It doesn’t replace early identification, remediation, and support, but reading at home supported the long term reading success of children with a positive family history of dyslexia.
The study is interesting one because it followed children for 13 years! The youngest children were age 2, and by the conclusion of the study, the oldest were 23. Researchers compared various reading and language skills as well as conducting detailed interviews of family practices.
What was interesting is that early shared reading with family members (from the age of 2) was associated with the development of strong vocabulary.

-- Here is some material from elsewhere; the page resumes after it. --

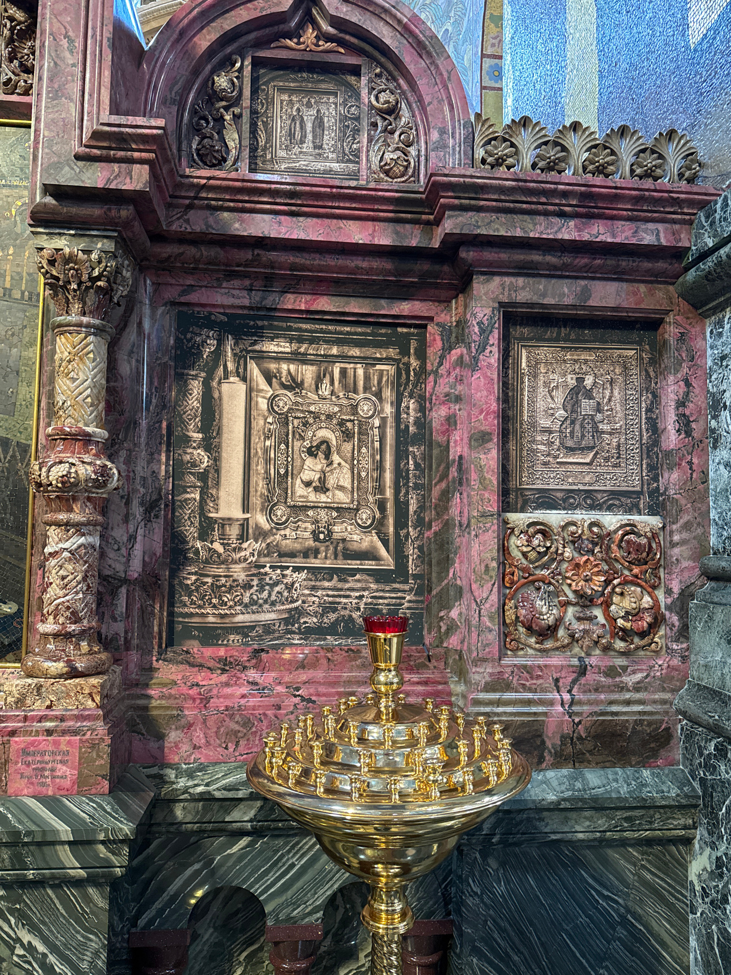 This is a close-up shot of ornate interior architectural details within a religious setting, potentially a church or cathedral. The location is Saint Petersburg, Russia. The architectural details fea…read more

Strong vocabulary in turn had positive protective effect on reading comprehension in adolescence.
Another finding was that reading vocabulary and reading fluency at 8 years among students of dyslexic families – predicted strong reading comprehension by the age of 15. Vocabulary alone at age 8 wasn’t sufficient to predict good reading comprehension; presumably if reading is effortful and dysfluent, it places a negative toll on reading later.
“…continued shared reading until the age of 8 years was found to support reading comprehension only in the familial risk for dyslexia group, suggesting it was a protective factor…” – Torppa et al. 2022
INFORMAL TEACHING ABOUT LITERACY AT HOME
Families that engaged in literacy activities (identifying words, letters) at home had stronger literacy skills. In addition, beneficial effects were noted on reading fluency and comprehension.
FAMILIES CAN HELP
The big picture from this study is that families can have a long-term beneficial effects on their children’s reading development.
“…teaching literacy at home predicted stronger emerging literacy skills, whereas shared book reading predicted vocabulary development and reading motivation. Both emerging literacy and vocabulary predicted reading development.
Familial risk for dyslexia was a significant moderator regarding several paths; vocabulary, reading fluency, and shared reading were stronger predictors of reading comprehension among children with familial risk for dyslexia, whereas reading motivation was a stronger predictor of reading comprehension among adolescents with no familial risk.”
Or another way to think about that is that reading motivation alone will probably not be enough to help dyslexic teens to be successful in reading comprehension. What you do matters – whether its reading together or supporting students as they learn to read.
* If you’re a parent with dyslexia yourself and reading aloud is difficult, you can still read along silently while listening to an audiobook and help your child.